So!
I've spent time the last few weeks working with a dev to stress test our proposed installation of EJabberd.
I'm trying to future-proof the environment a bit, so we're testing a much larger environment than we currently have.
We're using the LDAP shared roster, the patched version for AD. We're testing with 4000 users total (only about 1500 active), and the roster is an absurd 12000 users long ( each user in 3 groups). Lastly, we're using the clustering to do geodistributed chat, using DNS A records and sortlisting to make sure you go to your local site.
We experienced the following challenges that we're trying to figure out if we need to Just Live With:
- DNS round robin sucks at keeping things balanced. We know that. SRV records don't sortlist. Is there another solution I should be staring at other than an actual load balancer?
- memory usage per connected user was around 10MB. This is about an order of magnitude larger than our old chat system, Openfire. Should I chalk this up to the cost of concurrent performance?
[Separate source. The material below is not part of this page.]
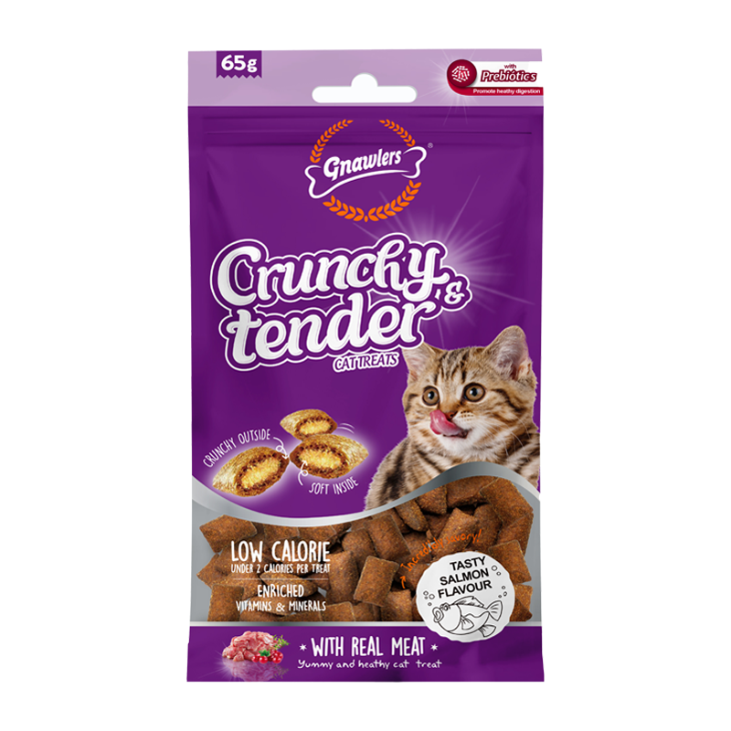 تشویقی گربه پره بیوتیک دار گناولرز نوتری مغزدار با طعم سالمون Gnawlers Crunchy Cat Treat With Salmon وزن 65 گرم

- Split Brain recovery requires restarts of the minority nodes, it seems. I tried restarting mnesia, and in every case ejabberd halted as mnesia started. This is pretty much expected, yes?
- Normal CPU usage is basically nothing. We tested to 8000 concurrent messages per second before the 2 2cpu servers in the test cluster reached capacity. However, login time efforts were more than capable of bringing the server to its knees if we didn't throttle them a bit. Do I just rely on the client backoff to make sure everyone doesn't log in at once, or is there an accept queue configuration I should be setting?
On the whole, the experience has been terrific. The only thing I'm significantly discomfited by is that 10MB per client memory requirement. If none of my other questions get answered, I'd be most appreciative if you could give me some guidance on that.